From the Fall 2012 special issue of Columbia Engineering Magazine
As computational technology has advanced over time, so has the abundance of data being generated, collected, and stored in systems around the globe. Along with technological changes, society is undergoing a dramatic transition from a “data poor” to a “data rich” environment in both scientific and business applications. The huge abundance, complexity, and variety of the data that are being produced are challenging scientists and industry alike. This so-called data deluge is arising from the growth of online resources as well as monitored online consumer behavior also provide new sources of data. While the data deluge continues to raise concerns about personal privacy, the possibilities to create value through the intelligent use and mining growth, transform decision making, and develop solutions to problems of societal concern, worldwide.
Columbia’s new Institute for Data Sciences and Engineering will zero in on just that—big data and its full potential. Funded in part through an award from New York City’s Economic Development Corporation (NYCEDC), the Institute will enable engineering and applied science researchers to obtain the education, resources, and collaborations necessary to translate a data-rich environment into informational discoveries that offer tremendous potential in innovation, commercial enterprise, and workforce development. This new Institute will comprise six core centers of study and entrepreneurship—focused on New Media, Smart Cities, Health Analytics, Cybersecurity, Financial Analytics, and Foundations for Data Science.

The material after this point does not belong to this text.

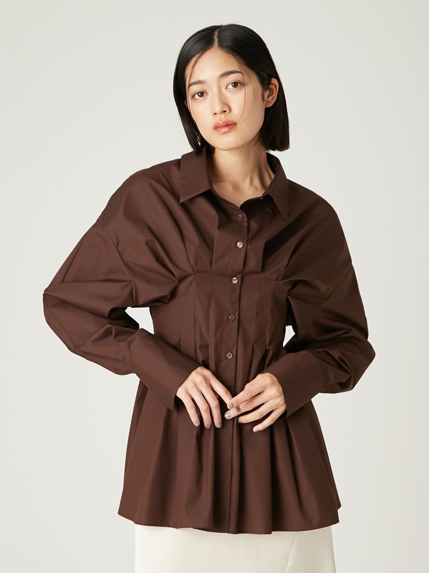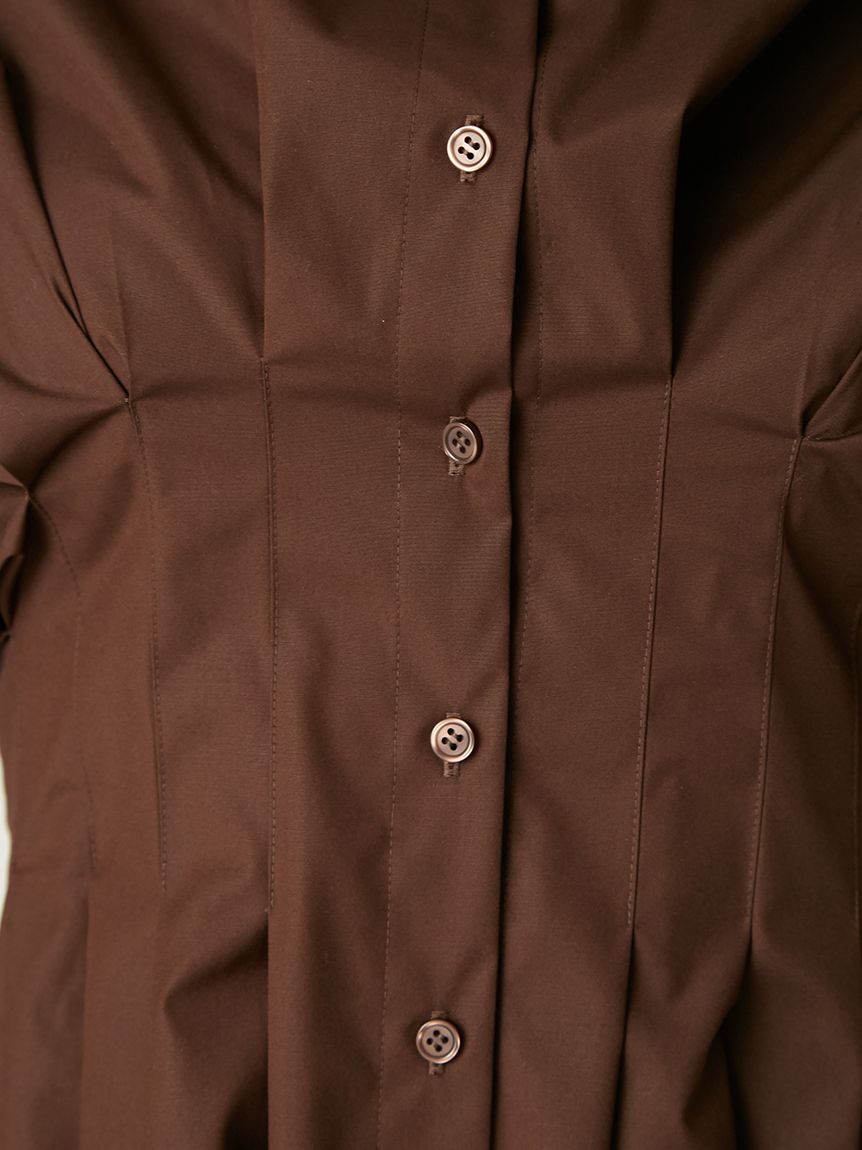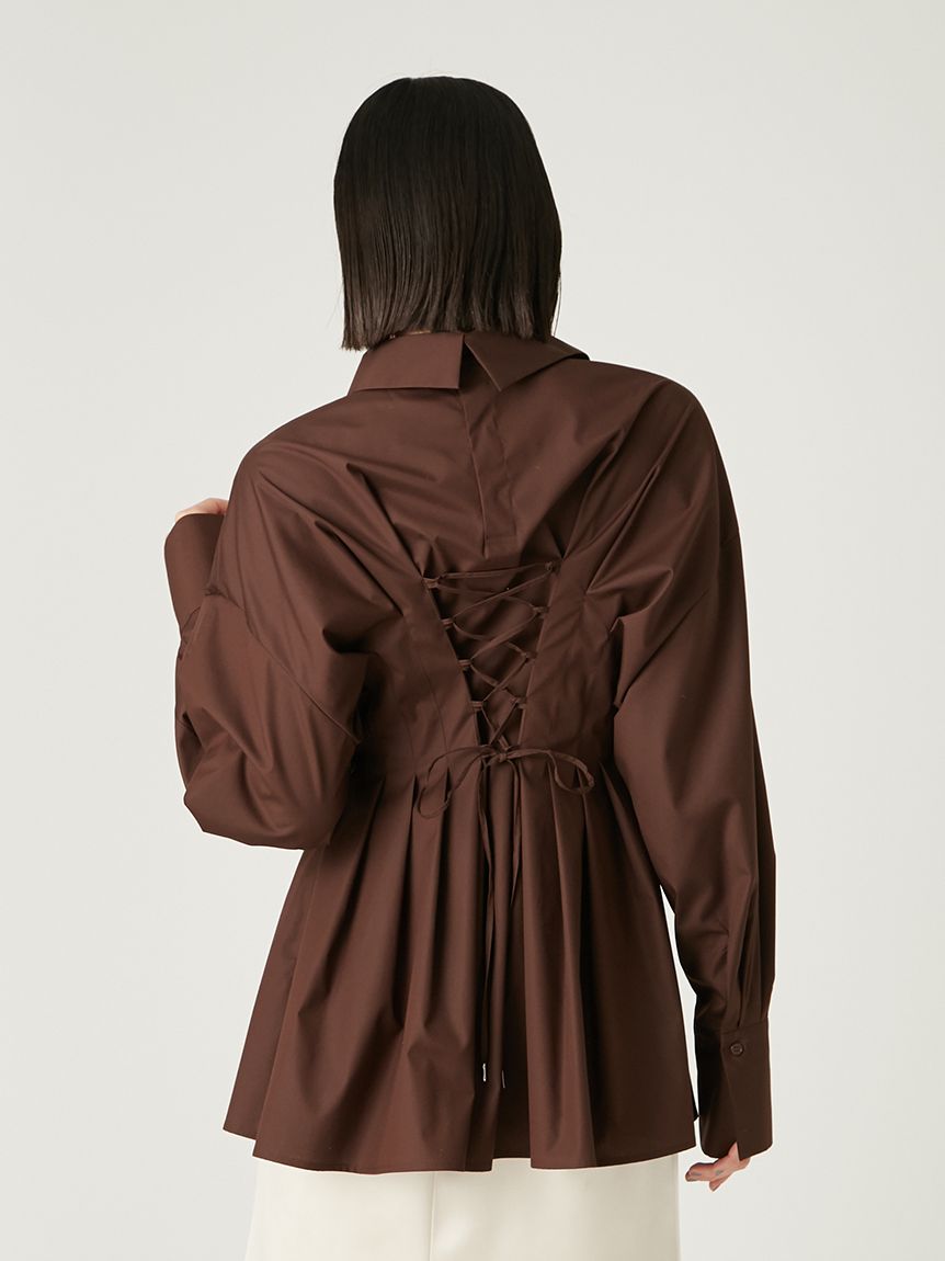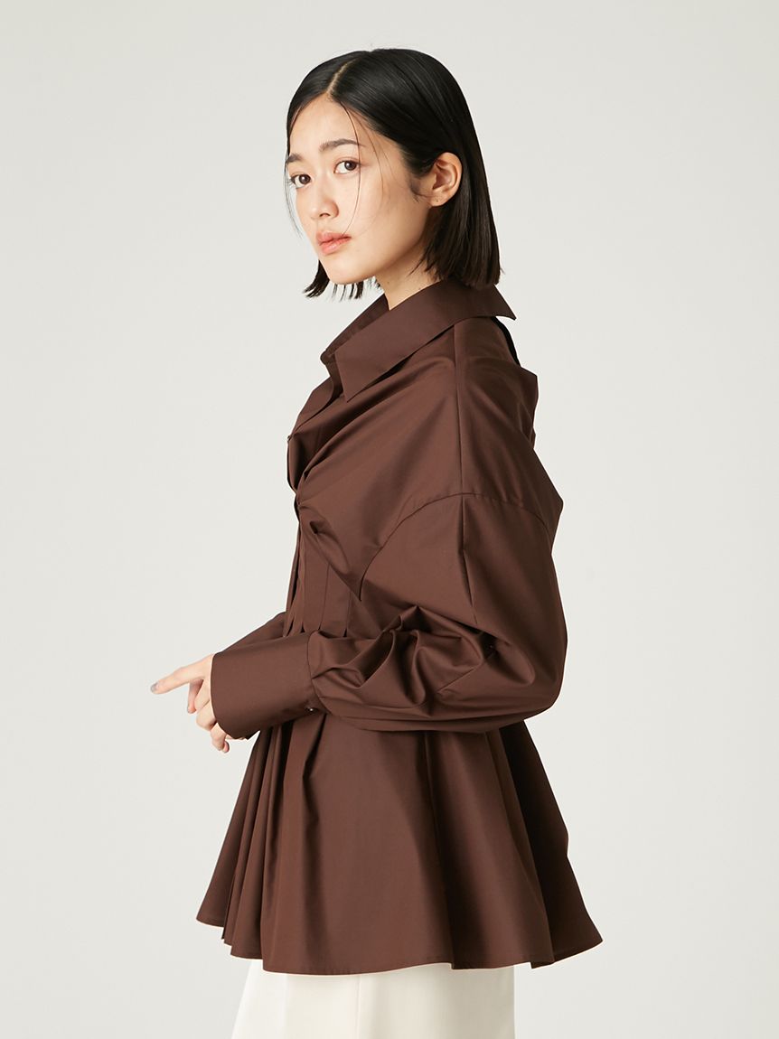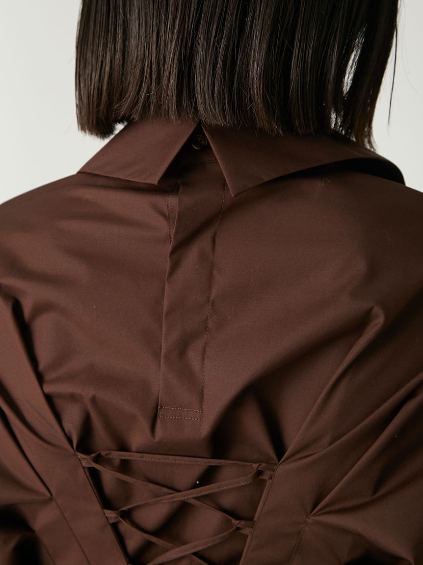 背部綁帶設計,使後姿也充滿細節。採中等挺度的襯衫布料,營造立體優美的輪廓。前後腰部均設置打摺,呈現自然修飾線條。

The 2011 McKinsey report presents the massive scale of what big data represents in its recent assessment of the economy. Among the leading indicators are five billion mobile phones in use in 2010, and 15 out of 17 major sectors in the United States having more data stored per company than the U.S. Library of Congress. The report also states that more than 30 million networked sensor nodes are now present in the transportation, automotive, industrial, utilities, and retail sectors, while over half a billion people worldwide are using smart phones. McKinsey’s report “expects big data to rapidly become a key determinant of competition across sectors,” noting that this is exactly where the workforce will experience a gap in the coming years, with demand exceeding supply by “140,000 to 190,000 positions” in 2012. It is exactly such a diversity of challenges and opportunities that our Institute targets.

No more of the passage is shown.